Reasoning & Planning
Prompt Chaining
A sequence of LLM calls where each pass narrows, transforms, or verifies the output of the previous. One model, one thread — no coordination overhead.
- Each step has a single well-defined transformation (extract → classify → respond)
- Simpler than multi-agent: no state synchronisation, no handoffs
- Fail fast: if step N produces bad output, the chain halts before wasting downstream calls
- Natural fit for structured extraction, multi-step reasoning, and document pipelines
ReAct — Reason + Act
The backbone of most agents. Interleaves reasoning traces with tool calls: think, call a tool, observe the result, think again.
- Thought — internal reasoning about what to do next
- Action — call a tool or produce output
- Observation — result returned from the tool, injected into context
- Repeat until task complete or max steps reached
Plan-and-Execute
Separates planning from execution. A planner decomposes the goal upfront; an executor works through steps, optionally with its own ReAct loop.

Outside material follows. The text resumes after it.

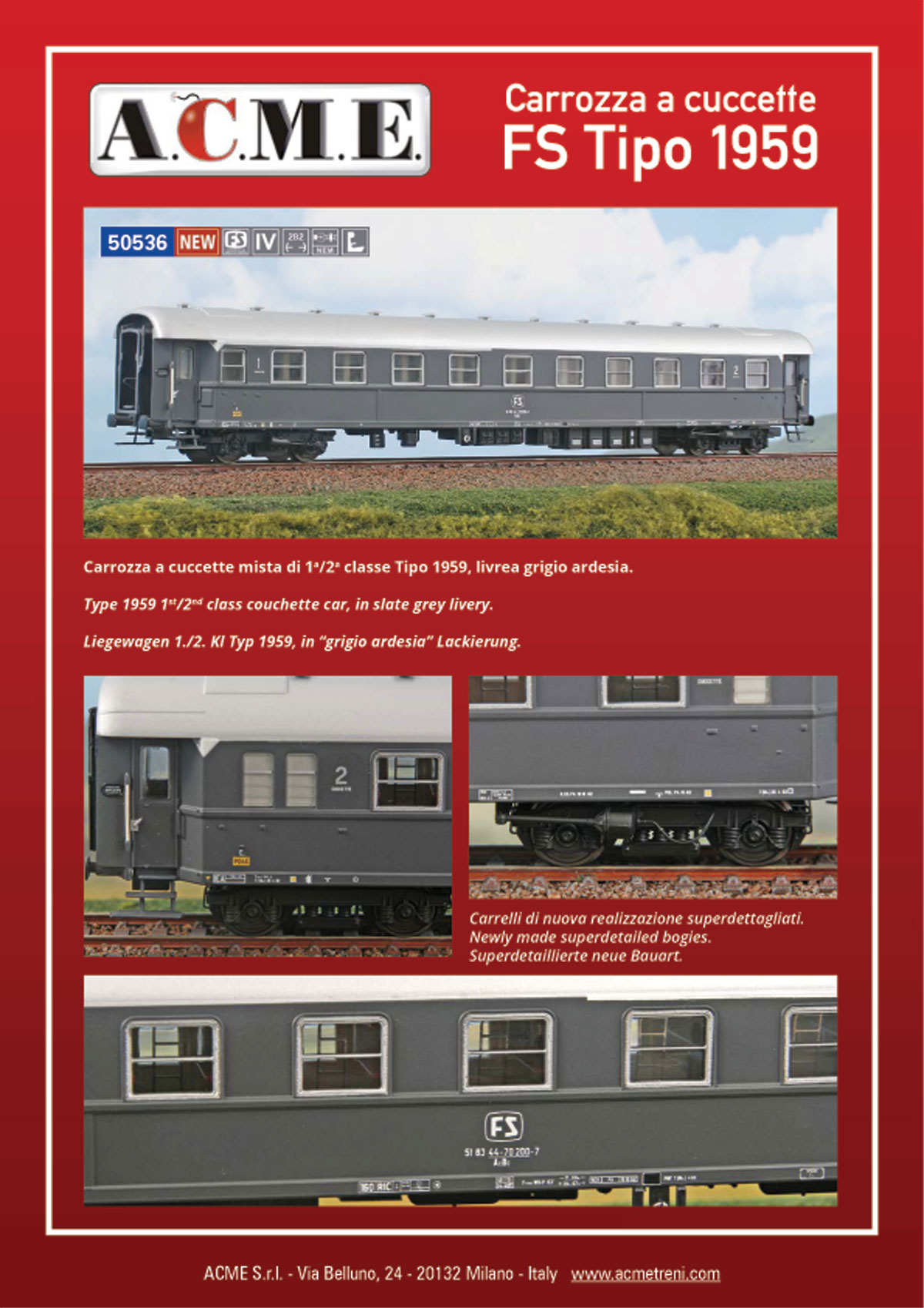 ACME H0 50536 Carrozza a cuccette mista di 1a/2a classe Tipo 1959, livrea grigio ardesia. FS Ep. IV

- Planner — decomposes the goal into an ordered list of steps
- Executor — runs each step; may have an inner ReAct loop per step
- Replanner — optional: revises the plan when a step fails or context changes
- More predictable than pure ReAct; less adaptive to mid-run surprises
Tree of Thoughts
Branching + backtracking reasoning. Agent explores multiple candidate paths simultaneously, scores each branch, and prunes dead ends.
- Branch — from each state, generate N candidate next thoughts
- Score — evaluate each branch with a critic or heuristic
- Prune — discard low-scoring branches early to focus compute
- Backtrack — if a branch dead-ends, return to the last branch point
State Machine
Agent operates through explicit states and labeled transitions. Current state determines which actions are available — more structured than free-form ReAct.
- States — discrete phases with defined entry and exit conditions
- Transitions — labeled edges triggered by conditions or tool results
- Guard clauses — prevent invalid transitions from the current state
- Useful when business logic has defined phases (draft → review → deploy)
Grounding & Action
Tool Use / Function Calling
Agent operates on a typed schema of tools. The model selects a tool and fills in parameters; parameters are validated before execution; results are injected back as observations.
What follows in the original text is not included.